Yesterday I went on an adventure and returned with two stories about spit.
In my first story, spit is a place. Yes, it is.
A spit is basically a long, skinny sand bar. Spits are formed along coastlines when tides push just so against the mainlands, and not far from my home, there is a big one.
I wish I could say it's within spitting distance, but alas, I can't.
It's about two and a half hours away. But my youngest and I were bound and determined to hike the length of Dungeness Spit. So first we boarded a ferry, and sailed across Puget Sound to the peninsula.
Then we drove over hill and dale for another hour or so, till we reached the Dungeness National Wildlife Refuge. See, birds and marine mammals love the spit as much as people do, so the government bought this land and does whatever it must to protect the furry and feathered residents of the spit.
I'm all for that.
So after gladly paying the $3 entrance fee, we trotted off through the woods for a half mile stroll down to the beach.
Our first glimpse of Dungeness Spit.. Yep. It's long and skinny and sandy, just as promised.
Once we got all the way down to the beach, this is what we saw ahead of us: narrow strip of sand, with lots of rocks and beach logs. We had strict instructions to stay to the left side of the strip. That's the open water side of the spit, and much more stable. The lee side is off limits. You don't have to tell me twice.
So we set off. We walked and walked and walked. And we saw some cool things.
We saw huge ocean-going cargo vessels.
We saw the rotting corpse of a harbor seal.
And we saw a bald eagle, proudly perched on a beach log.
We stared at him in awed disbelief.
He kept an eye on us too, and let us get within about ten meters of his majestic, iconic American self.
That was a once-in-a-lifetime moment and I won't be forgetting it soon.
Eventually, we stopped to eat our lunch, and then we walked some more.
Almost two hours into our trip, we spied our destination: the Dungeness Lighthouse. Yay!
Already feeling like we had been wandering in the wilderness for ages, we embraced this little outpost of civilization, explored the grounds, found lots of precious treasures, and tromped up many tiny stairs to look out of the tower windows.
And then it was time to turn back. Ready to do it all again?
The round trip was exactly 11 miles long.
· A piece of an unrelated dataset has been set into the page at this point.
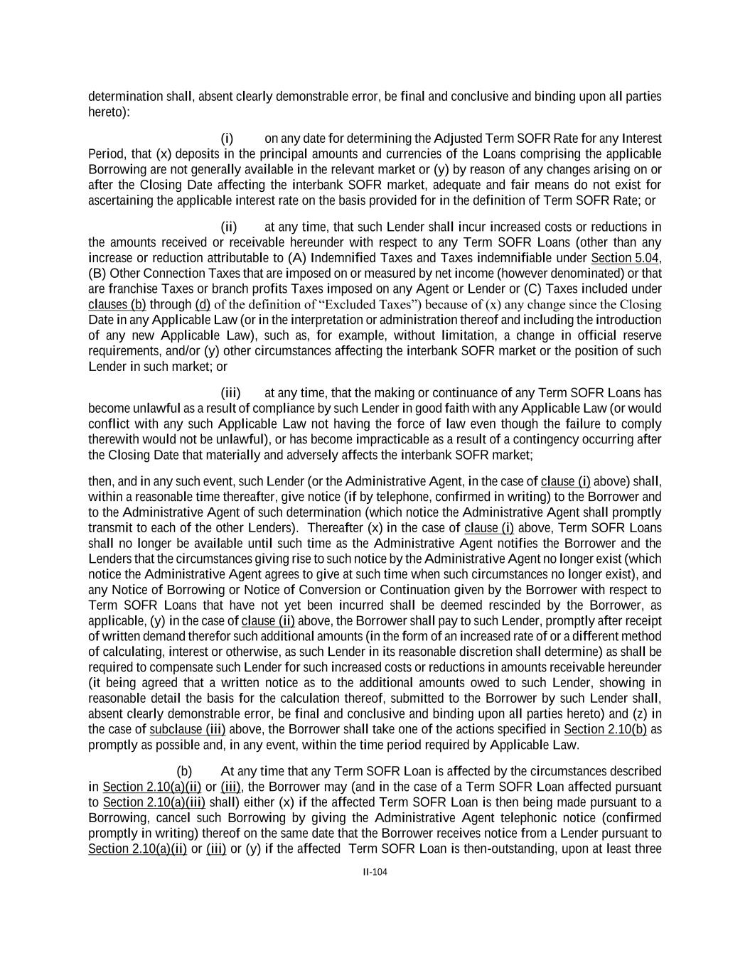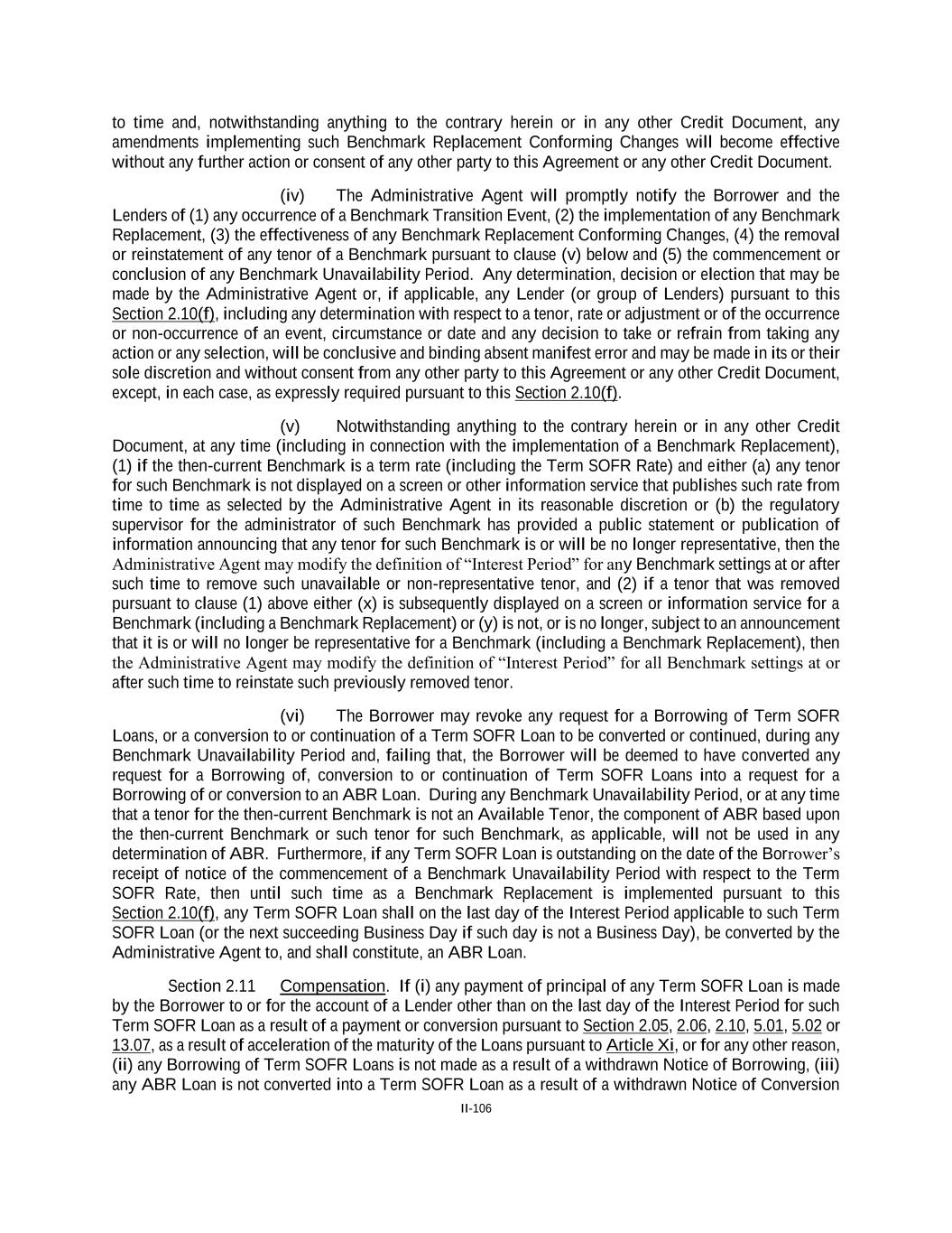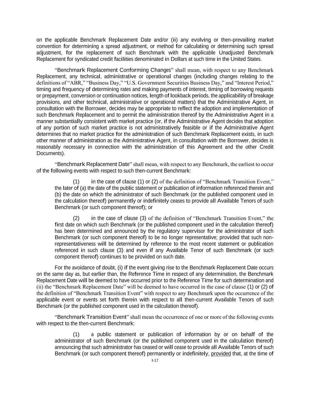 I-17 on the applicable Benchmark Replacement Date and/or (ii) any evolving or then-prevailing market convention for determining a spread adjustment, or method for calculating or determining such spread adjustment, for the replacement of such Benchmark with the applicable Unadjusted Benchmark Replacement for syndicated credit facilities denominated in Dollars at such time in the United States. “Benchmark Replacement Conforming Changes” shall mean, with respect to any Benchmark Replacement, any technical, administrative or operational changes (including changes relating to the definitions of “ABR,” “Business Day,” “U.S. Government Securities Business Day,” and “Interest Period,” timing and frequency of determining rates and making payments of interest, timing of borrowing requests or prepayment, conversion or continuation notices, length of lookback periods, the applicability of breakage provisions, and other technical, administrative or operational matters) that the Administrative Agent, in consultation with the Borrower, decides may be appropriate to reflect the adoption and implementation of such Benchmark Replacement and to permit the administration thereof by the Administrative Agent in a manner substantially consistent with market practice (or, if the Administrative Agent decides that adoption of any portion of such market practice is not administratively feasible or if the Administrative Agent determines that no market practice for the administration of such Benchmark Replacement exists, in such other manner of administration as the Administrative Agent, in consultation with the Borrower, decides is reasonably necessary in connection with the administration of this Agreement and the other Credit Documents). “Benchmark Replacement Date” shall mean, with respect to any Benchmark, the earliest to occur of the following events with respect to such then-current Benchmark: (1) in the case of clause (1) or (2) of the definition of “Benchmark Transition Event,” the later of (a) the date of the public statement or publication of information referenced therein and (b) the date on which the administrator of such Benchmark (or the published component used in the calculation thereof) permanently or indefinitely ceases to provide all Available Tenors of such Benchmark (or such component thereof); or (2) in the case of clause (3) of the definition of “Benchmark Transition Event,” the first date on which such Benchmark (or the published component used in the calculation thereof) has been determined and announced by the regulatory supervisor for the administrator of such Benchmark (or such component thereof) to be no longer representative; provided that such non- representativeness will be determined by reference to the most recent statement or publication referenced in such clause (3) and even if any Available Tenor of such Benchmark (or such component thereof) continues to be provided on such date. For the avoidance of doubt, (i) if the event giving rise to the Benchmark Replacement Date occurs on the same day as, but earlier than, the Reference Time in respect of any determination, the Benchmark Replacement Date will be deemed to have occurred prior to the Reference Time for such determination and (ii) the “Benchmark Replacement Date” will be deemed to have occurred in the case of clause (1) or (2) of the definition of “Benchmark Transition Event” with respect to any Benchmark upon the occurrence of the applicable event or events set forth therein with respect to all then-current Available Tenors of such Benchmark (or the published component used in the calculation thereof). “Benchmark Transition Event” shall mean the occurrence of one or more of the following events with respect to the then-current Benchmark: (1) a public statement or publication of information by or on behalf of the administrator of such Benchmark (or the published component used in the calculation thereof) announcing that such administrator has ceased or will cease to provide all Available Tenors of such Benchmark (or such component thereof) permanently or indefinitely, provided that, at the time of

I underestimated the effect of walking on a rocky beach for all those miles; our feet were a bit worn out from the bumpy, uneven terrain. But the spit was a big hit, and both of us agreed that we would definitely hike it again.
In other words, we love to spit.
So that's my first story about spit.
My second one has no photographs, so you'll have to use your imagination.
On our morning ferry ride, I was standing at the railing of the upper level of the passenger deck. One story below me, on the lower level, was a family of busy children. There were two parents, a little girl maybe seven years old, and five young boys.
I know, right?
The oldest of the boys looked to be about 12, and I watched him lean over the railings, staring down at the water rushing far below. And I watched him do what comes naturally.
Oh, he was polite about it. Very discreet. And neat. But make no mistake, he definitely spit.
His mother noticed too. She was not impressed. Immediately loosening her tongue, she gave him a first-class scolding, using expressions like, "That's not happening again," and "What are you thinking?" and "If I ever see you try that again, you'll be sorry." She was quite thorough.
Not satisfied with her own dressing-down, Mom then signaled for the dad to come over, and she briefed him on the situation. He pounced on the boy, firm hand clasping the back of the hellion's neck, and marched him away from the rest of the family. In a shadowy corner of the deck, Dad delivered a quick, manly version of the same conversation, which included one major scowl, two short sentences in a growling tone, and a bit of finger shaking. Then he released the troublemaker, who hung his head and shuffled off inside, to bear his shame alone.
Now, I enjoyed this little tableau for several reasons.
I love to see real families interact like this in public. Kids act up, parents go nutty, it's all perfectly real and hilariously normal.
I'm especially amused by these moments of family drama now that my kids are a bit older, and I feel like my days as Crazy Mama in Public may be over. Knock on wood.
But my favorite aspect of this situation was the nature of the crime: spitting over the side of the ferry. Because if the absolute truth must be told, I have spit over the side of a ferry many a time.
Oops. Sorry. I was socialized by my brothers to spit from high places into moving waters, and it's instinctive to me now. Plus, I just think it's fun.
I only hope those parents never catch me in the act.